> **EXERCISE DETAILS**:
Reproduce exactly the lines from the one containing "婴儿毛绒安抚公仔(大象)音乐,灯光投影无包 3粒AAA" through the last line of the records below, both included. Leave out any pictures.

Top of RECORDS SUPPLIED

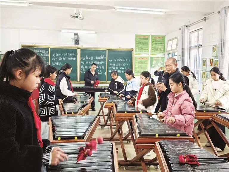 教室一侧,柳江石琴演奏和制作技艺非物质文化遗产代表性传承人韦彬林、韦明章正静静聆听。他们不时走上前,轻声指导孩子们演奏石琴。孩子们正在演奏的曲目《刘三姐》,是韦彬林根据石琴高、中、低三声部特点精心改编而成。“石琴是柳江珍贵的文化瑰宝。能让非遗技艺代代相传,是我的心愿。”看着孩子们认真演奏的模样,韦彬林的眼中满是欣慰与期待。
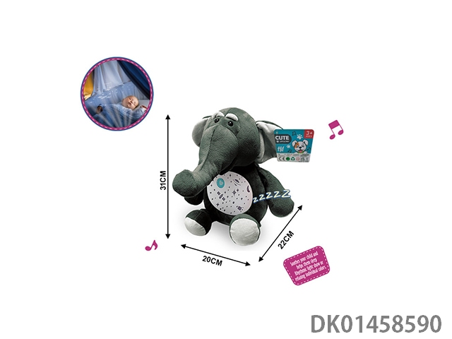 婴儿毛绒安抚公仔(大象)音乐,灯光投影无包 3粒AAA
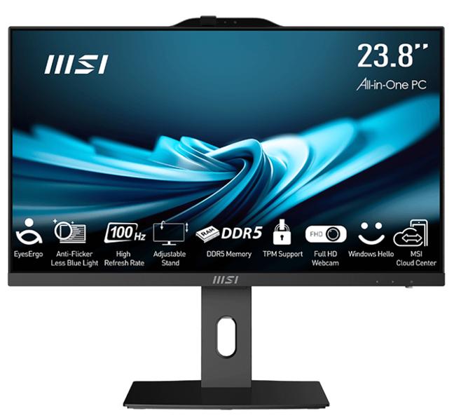 Моноблок MSI Pro AP242P 14M AiO 23,8" FHD(1920x1080)IPS AG Non-touch, Core i3-14100 (3.5GHz), 8Gb DDR5 (1x8Gb),256GB SSD, Intel UHD,WiFi,BT,camera,WirelessKB&mouse Eng / Rus,noOS,1y w-ty,Black
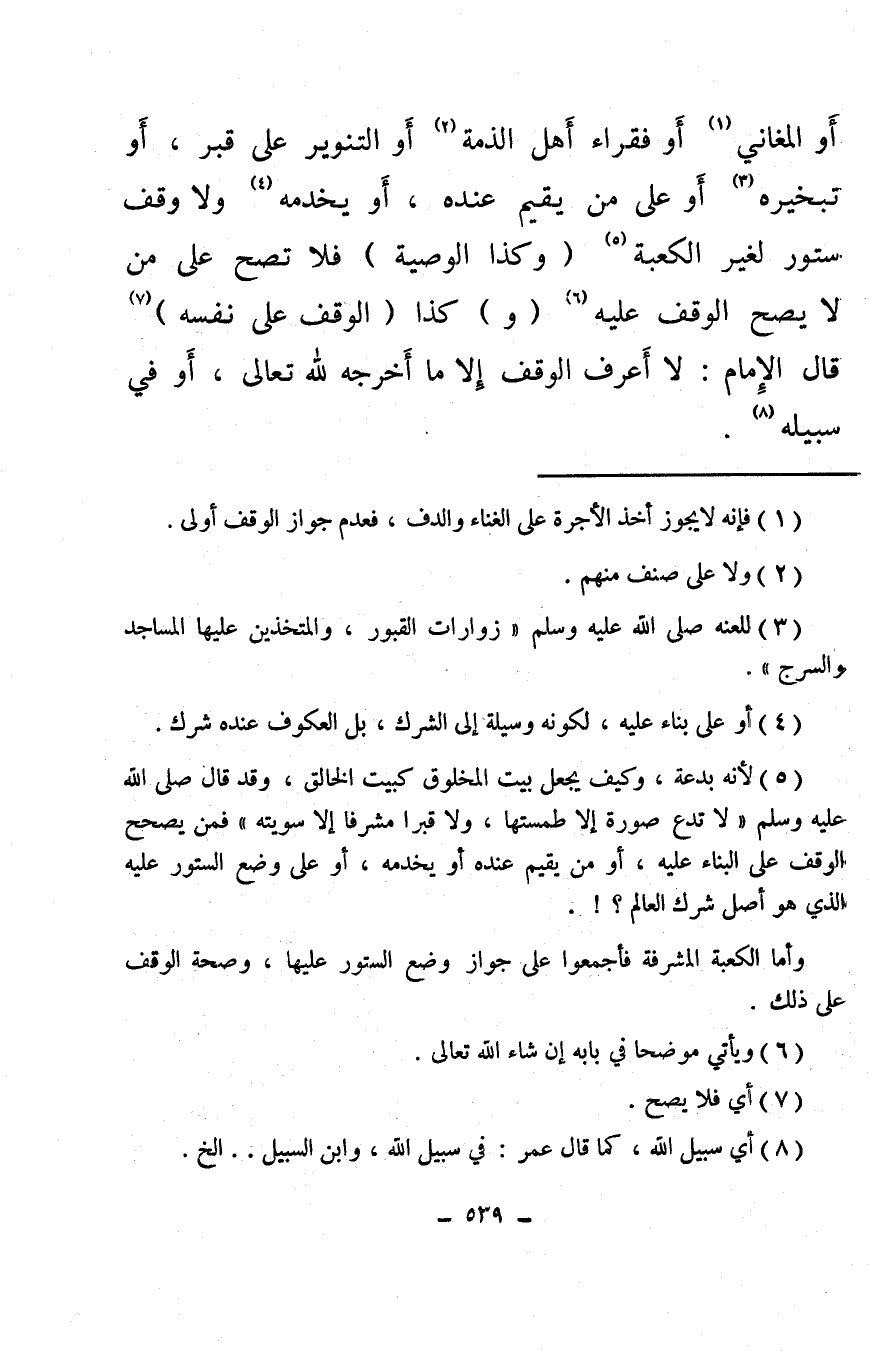 (¬5) لأنه بدعة، وكيف يجعل بيت المخلوق كبيت الخالق، وقد قال صلى الله عليه وسلم «لا تدع صورة إلا طمستها، ولا قبرا مشرفًا إلا سويته» فمن يصحح الوقف على البناء عليه، أو من يقيم عنده أو يخدمه، أو على وضع الستور عليه الذي هو أصل شرك العالم؟!.
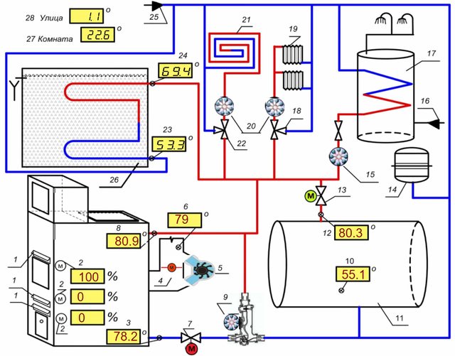 При достигане на праговата температура на изхода на котела над 85 ° C. BU TTK дава команда за отваряне на сферичния кран (№ 13), докато топлата вода се подава не само към отоплителните устройства на къщата (топъл под и радиатори), но и към ТА (№ 12), докато студената вода, излизаща от ТА, отива до входа на ТТК, което от своя страна води до намаляване на температурата на изхода на котела. С други думи, цялата излишна топлина се насочва към акумулатора на топлина.
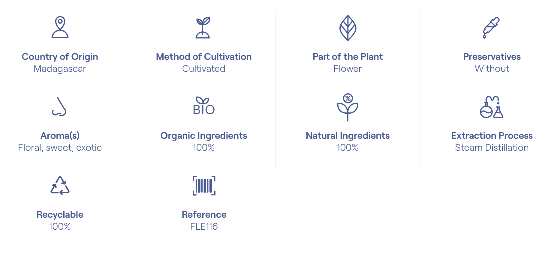 The Ylang Ylang Complete Organic Essential Oil (Cananga odorata) is certified organic, 100% pure and natural. It is obtained by steam distillation of the flower. This plant is cultivated in Madagascar.
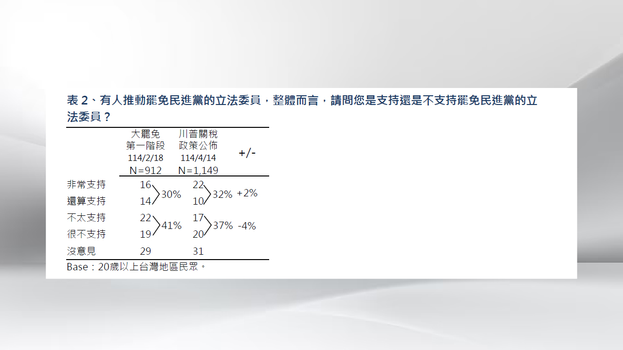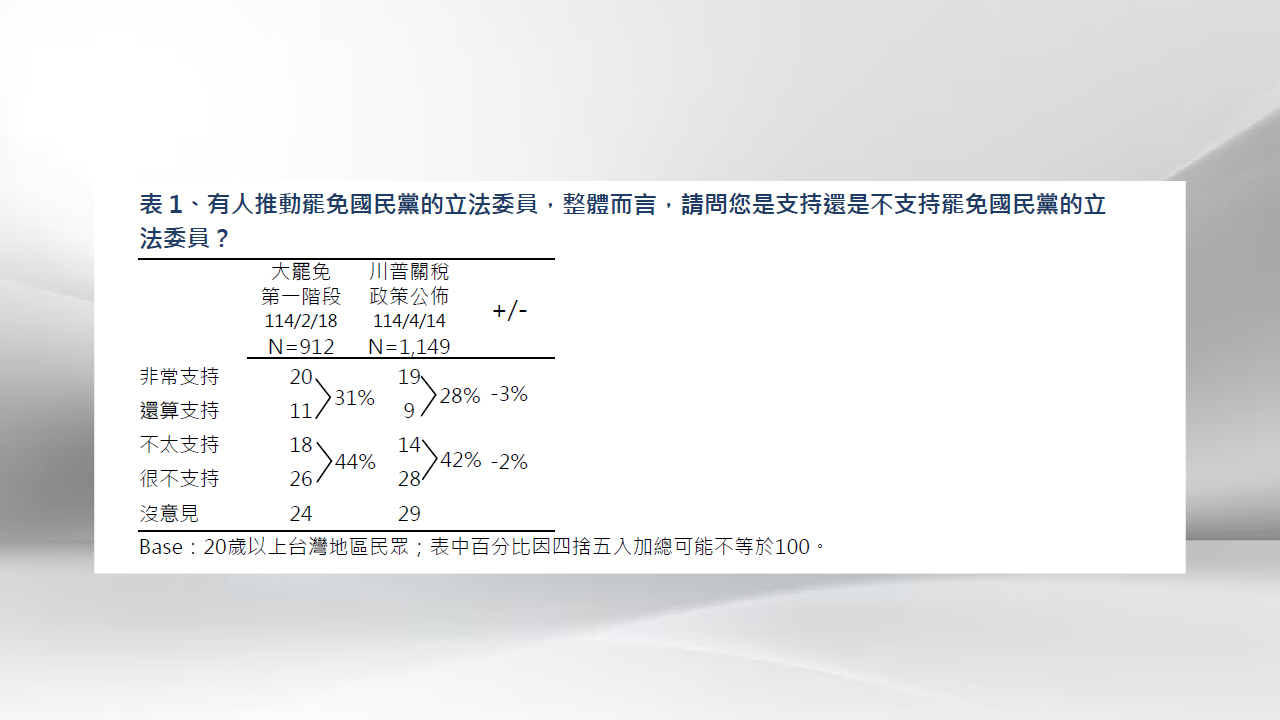 在國內政治議題方面,民調也針對「大罷免」行動進行調查。支持罷免國民黨立委的民眾為28%,略低於2月的31%;不支持者為42%,顯示該議題熱度略為降溫。相較之下,支持罷免民進黨立委的比例為32%,略高於先前的30%;不支持者為37%,仍為相對多數,呈現高度對立局面。
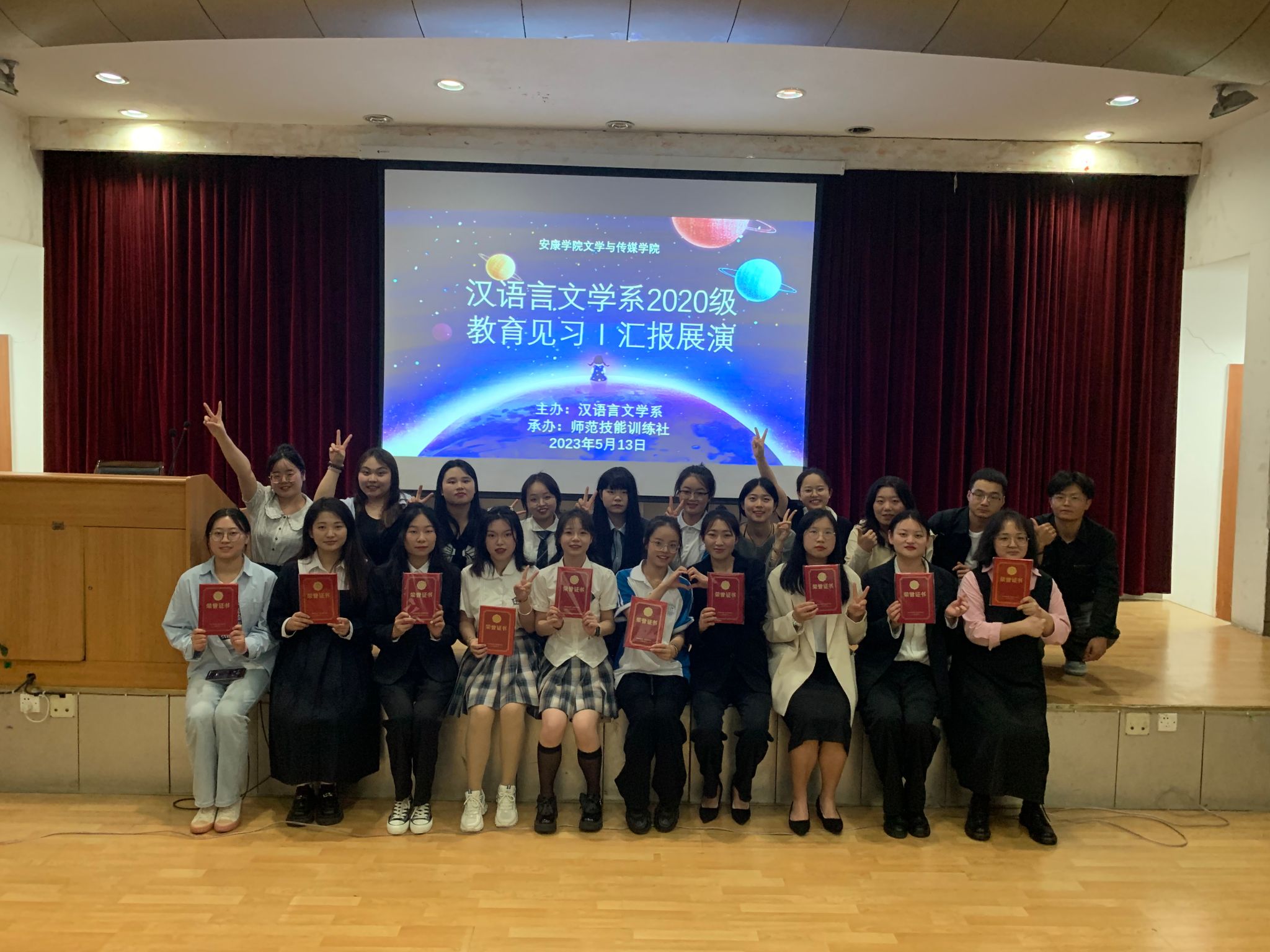 5月13日晚七点半,BV伟德官方网站在江南校区一号楼六楼报告厅举行汉语言文学专业2020级教育见习1汇报展演。本次见习汇报展演由学科教学论任课教师张格瑄指导,师范技能训练社承办,汉语言文学专业2020级全体员工参加。

Bottom of RECORDS SUPPLIED

> **OUTPUT FOR THIS TASK**:
 婴儿毛绒安抚公仔(大象)音乐,灯光投影无包 3粒AAA
 Моноблок MSI Pro AP242P 14M AiO 23,8" FHD(1920x1080)IPS AG Non-touch, Core i3-14100 (3.5GHz), 8Gb DDR5 (1x8Gb),256GB SSD, Intel UHD,WiFi,BT,camera,WirelessKB&mouse Eng / Rus,noOS,1y w-ty,Black
 (¬5) لأنه بدعة، وكيف يجعل بيت المخلوق كبيت الخالق، وقد قال صلى الله عليه وسلم «لا تدع صورة إلا طمستها، ولا قبرا مشرفًا إلا سويته» فمن يصحح الوقف على البناء عليه، أو من يقيم عنده أو يخدمه، أو على وضع الستور عليه الذي هو أصل شرك العالم؟!.
 При достигане на праговата температура на изхода на котела над 85 ° C. BU TTK дава команда за отваряне на сферичния кран (№ 13), докато топлата вода се подава не само към отоплителните устройства на къщата (топъл под и радиатори), но и към ТА (№ 12), докато студената вода, излизаща от ТА, отива до входа на ТТК, което от своя страна води до намаляване на температурата на изхода на котела. С други думи, цялата излишна топлина се насочва към акумулатора на топлина.
 The Ylang Ylang Complete Organic Essential Oil (Cananga odorata) is certified organic, 100% pure and natural. It is obtained by steam distillation of the flower. This plant is cultivated in Madagascar.
 在國內政治議題方面,民調也針對「大罷免」行動進行調查。支持罷免國民黨立委的民眾為28%,略低於2月的31%;不支持者為42%,顯示該議題熱度略為降溫。相較之下,支持罷免民進黨立委的比例為32%,略高於先前的30%;不支持者為37%,仍為相對多數,呈現高度對立局面。
 5月13日晚七点半,BV伟德官方网站在江南校区一号楼六楼报告厅举行汉语言文学专业2020级教育见习1汇报展演。本次见习汇报展演由学科教学论任课教师张格瑄指导,师范技能训练社承办,汉语言文学专业2020级全体员工参加。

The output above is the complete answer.